At the edge of the ice at the bottom of the world, the whales are putting on a show. They are cruising the newly-cut shipping channel -- spy hopping, as it's called -- to see who has come visiting, reports CBS News Correspondent Jerry Bowen.

It's a common sight for the crew of the Coast Guard cutter Polar Sea, breaking the summer ice to the American Base at McMurdo. What's unusual this year, says Capt. Gerald Davis, is the weather.

"This year was an unusual year," Davis says. "We had an awful lot of ice to break through -- about 31 feet -- to create this channel into McMurdo. . .Previous years seem to be a little milder than they were. There's definitely a cycle."

Scientists' say it was last year's El Nino that disrupted Antarctic weather. One researcher says El Nino may have very close ties to the continent. He noticed that when air pressure suddenly drops at the South Pole, an El Nino soon pops up elsewhere. The pressure drop may be the signal El Nino is coming.

"It could be the trigger," says Charles Stearns of the University of Wisconsin.

National Science Foundation researchers working at remote field camps are looking into Antarctica's role in global climate change. There is special interest in the stability of the Brazil-sized West Antarctic Ice Sheet. Its melting or collapse could cause catastrophic coastal flooding worldwide.

Scientist Joan Fitzpatrick says such an event would raise sea levels by five meters, putting U.S. cities like New Orleans or Malibu underwater. However extreme that may sound, Fitzpatrick is not among the doomsayers.

A new NASA computer model shows that over the past 20,000 years, the ice sheet has already lost two-thirds of its size. It's widely believed any new melting would occur over several centuries. However, what has surprised researchers is how quickly a new meltdown could start -- within just four years.

"Major climate change can be accomplished in a short period of time -- over the period of time it takes you to get through college in some cases," Fitzpatrick says.

Researchers know this from what the ice records tell them.

Within the ice walls of a carved-out storeroom, 20 feet beneath the surface of the researcher's base, lies the climate history of the West Antarctic Ice Sheet. Hundreds of ice cores are housed there, each one tens of thousands of years old.
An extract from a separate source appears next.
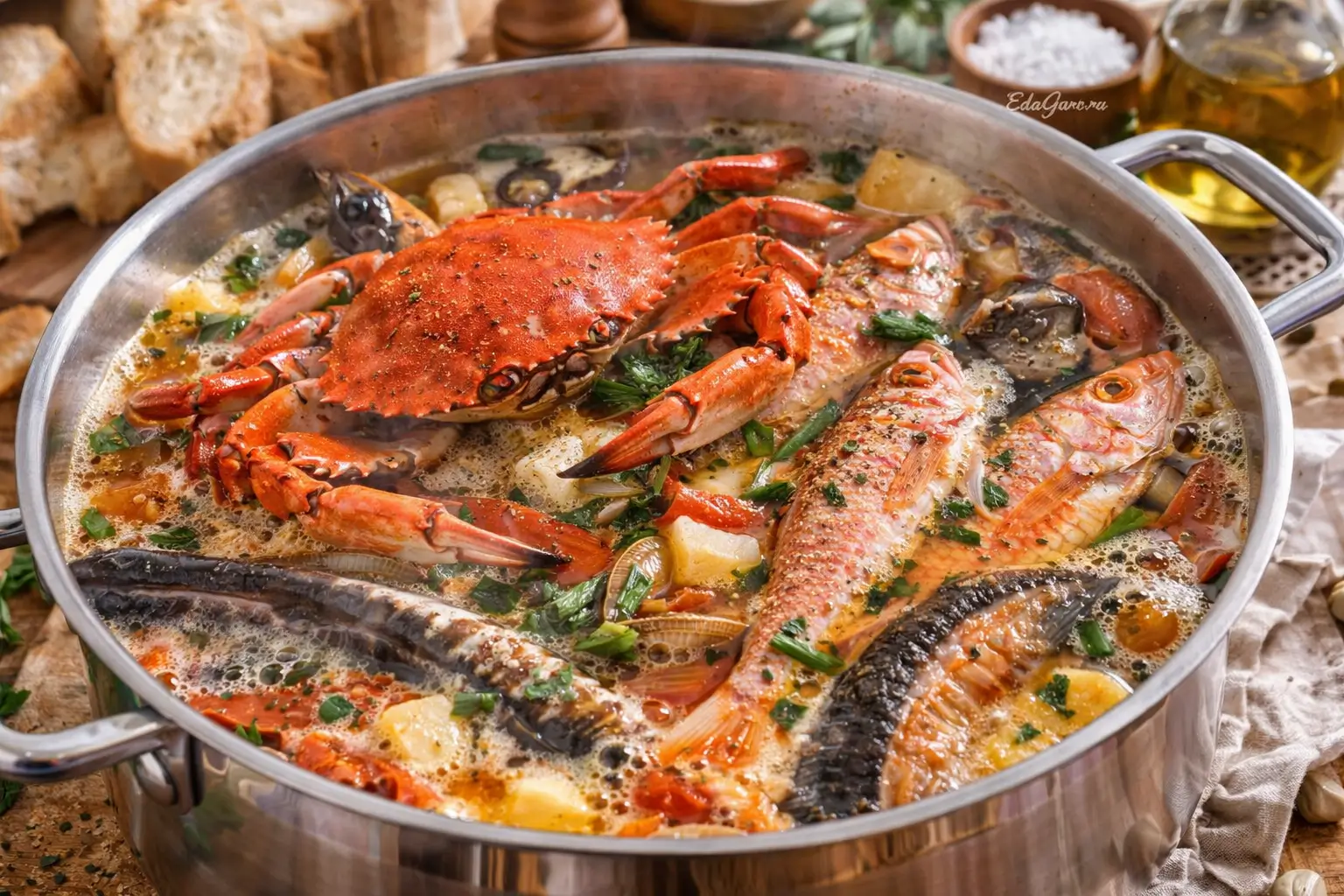 Главное в приготовлении буйабеса — точно следовать рецепту и последовательности шагов. Если каких-то видов рыбы не хватает, это допустимо. Но заменять их другой рыбой без необходимости не стоит, при этом лангусты можно добавить. Если вас смущают кости от мелкой рыбы, процедите бульон через сито, а оставшуюся рыбу лучше промять.

Scientists hope they reveal as much about the future of global weather patterns as they do about the past.

"We can get a good sequential, chronological record every year preserved in the ice, much like tree rings," says researcher Gregg Lamorey.

At the Siple Dome drill site, researchers have been retrieving ice cores from a hole 3,000 feet deep. Each core contains trapped air bubbles from ancient atmospheres.
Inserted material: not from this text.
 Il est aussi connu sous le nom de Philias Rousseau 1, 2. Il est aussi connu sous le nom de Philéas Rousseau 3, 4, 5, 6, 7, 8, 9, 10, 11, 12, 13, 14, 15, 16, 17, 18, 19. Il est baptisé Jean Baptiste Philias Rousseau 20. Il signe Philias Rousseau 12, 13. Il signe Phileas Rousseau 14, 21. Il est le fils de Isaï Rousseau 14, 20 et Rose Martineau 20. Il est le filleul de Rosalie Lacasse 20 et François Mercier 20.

"At the bottom, we calculate the ice is 80,000 years old," Lamorey says.

Sometimes the brittle samples shatter at the surface, but each piece ilike a page from the past, revealing temperatures, snow fall amounts, even wind direction. It is Fitzpatrick's job to search for parallels to what we see now.

"We're trying to pull a record out of the past in order to enable us to predict the future of climate change," she says.

Five hundred miles away in Antarctica's Dry Valleys, researchers are taking a close look at some actual changes occurring right now: melting glaciers. This year the water runoff is six times higher than normal, and part of a trend.

"That's not going out on a limb to say the past thirty years have been warmer," says hydrologist Diane McKnight.

McKnight says the finding is one small piece of the climate change puzzle. It's a puzzle that includes retreating glaciers and thinning sea ice in the Northern Hemisphere, and that other weather wildcard, El Nino.

"There isn't really ever a smoking gun, but many pieces of evidence coming together" she explains.

If the climate is getting warmer, say the scientists, this is where we will likely see the evidence first -- at the bottom of the world, at the edge of the ice -- the edge of change.